Bring your list of questions to the doc’s office–they have a list too!

Bring Your List to the Doctor's Office, They Have One Too

Interesting list of things doctors should do when seeing a patient.

Everyone hates waiting for the doctor.  This is cool information about how doctors want to stay on schedule too.  They want to handle their time effectively; knowing what they say to their patients profoundly affects this.

Dr. Michelle E. Lutton, who works with young docs in the Family Medicine Residency Program at Moses Cone Health System in Greensboro, North Carolina, outlines the steps that doctors should take to get the most out of an office visit.  If medical residents master the seven skills below, both physician and patient will get greater satisfaction from the limitations of the office visit.

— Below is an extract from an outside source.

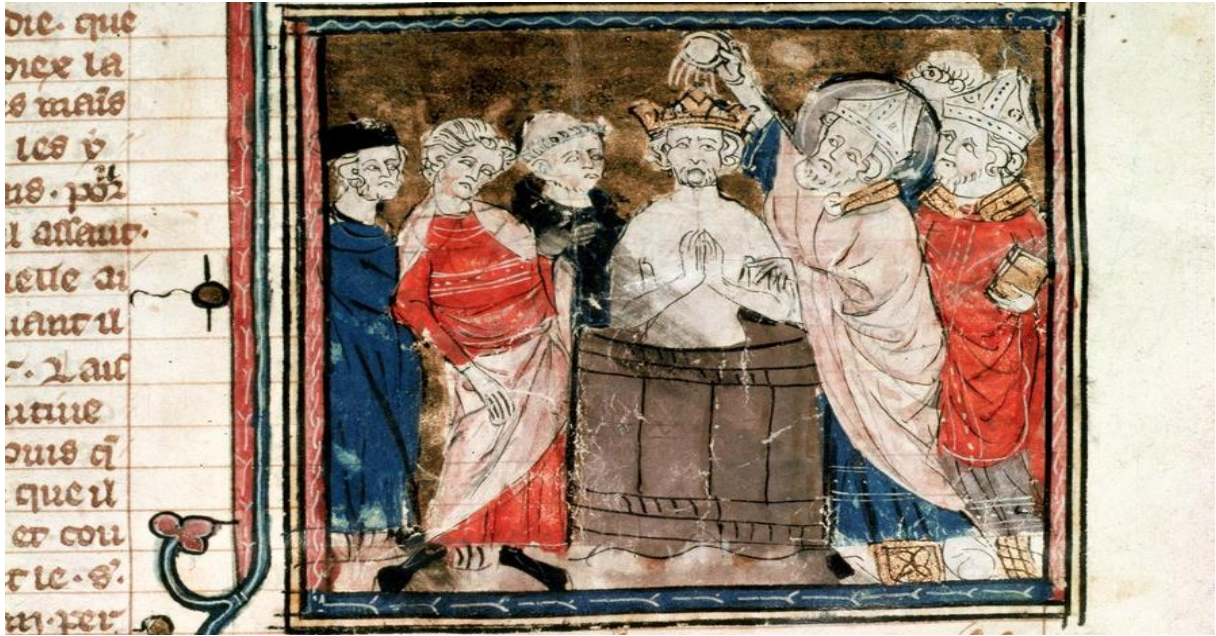
Resim 4. Clovis, Rheims Psikoposu Aziz Remigius tarafından vaftiz edilirken 44

“... Clovis, halkıyla bir toplantı tertip etti... Katılımcılar hep bir ağızdan bağırdılar: ‘Biz bunu yapacağız. Ölümlü tanrılarımıza tapımdan vazgeçerek Kral (Clovis) ve Remigius’un, hakkında bize bilgi verdiği ölümsüz Tanrı’ya inanmaya hazırız.’ Bu haber psikoposa iletildi. Durumdan memnun olan psikopos vaftiz töreninin hazırlanmasını emretti. Tören alanı örtülerle kaplandı, tapınağın duvarları beyaz perdelerle süslendi, vaftiz alanı düzene sokuldu, tütsüler, güzel kokulu mumlar yakıldı ve vaftizhanenin her bir köşesi ilahi kokuyla doldu. Tanrı orada bulunan herkesin kalplerini öyle bir lütufla doldurdu ki orada bulunanlar kendilerini güzel kokulu bir cennetteymiş gibi hissettiler. Kral Clovis, psikopos tarafından vaftiz edilmek istediğini söyledi. Yeni bir Constantin gibi, eski cüzzamının yaralarını yıkamaya ve akan sularla bıraktığı pis lekelerden arınmaya hazır bir şekilde vaftiz törenine doğru adım attı... Vaftiz edilmeye doğru ilerlerken, Tanrı’nın kutsal adamı (psikopos) ona şu anlamlı sözlerle seslendi: ‘Tevazuuyla başını eğ Sigamber 42 (Sicamber) yaktığına tap, tapmaya alıştığın şeyi yak...’ Üçleme’de her şeye kadir Tanrı’nın olduğunu ve varlığını kabul eden kral, Baba, Oğul ve Kutsal Ruh adına vaftiz edildi...’ 43

1. Start with an agenda.  Your doctor should begin by asking you the reason for your visit, and he should continue to ask you, “Is there anything else?” until the two of you have established what needs to be addressed.  He might add some tests or lab work to the agenda.  Then you both review the agenda so that you know what can be covered now and what will be dealt with at a future visit, if one is necessary.

2. Use verbal cues.  Your doctor should let you know exactly what is going to happen at this visit first, second etc.  She might mention that a phlebotomist is going to draw your blood while she contacts the physician she is referring you to; she might mention getting medication samples while you dress, and that you both will discuss a medication schedule when she returns.  You don’t ever want to be left in the exam room wondering where your doctor went and what you are supposed to be doing and how the rest of the visit is going to go.  The concept is you and your doctor are always on the same page.

3. Address the patient’s emotions upfront.  Your doctor may be familiar with the

BATHE Technique.  It helps her to discover a patient’s emotional state sooner in the visit than later.  If a patient breaks down, the agenda could again be hi-jacked.  The word BATHE comes from the first word in the steps to the technique:

Background: “What’s going on in your life?”

Affect:           “How do you feel about it?”

Troubles:       “What troubles or concerns you most about it?”

Handling:      “How are you handling or coping with it?”

Empathy:       “That must be difficult for you.”

4. Address your own emotions.  Your doctor has feelings too and might experience guilt or inadequacy in dealing with your condition.  But compensating by extending the office visit with aimless talk is counterproductive.  He should know to focus on those issues he can deal with and to promise you help by contacting other medical sources.

5. Have a seat.  Your doctor should sit down with you at the end of the visit to summarize what the two of you have accomplished.

6. Be prepared for “Oh by the way.”  Your doctor knows this can happen.  Often it takes the atmosphere of conversation to give a patient courage to bring up a sensitive medical issue like mental health or sexual problems.

7. Be more specific.   Finally, your doctor should ask at the end of the visit, “Do you have any questions about what we discussed today?” instead of the broader question which could again delay the end of the visit, “Do you have any more questions or concerns?”

If all doctors incorporated these goals and if YOU came prepared with your list of symptoms and questions as well as a list of the meds and vitamins and herbals you are taking everyone would have a better chance of staying on schedule!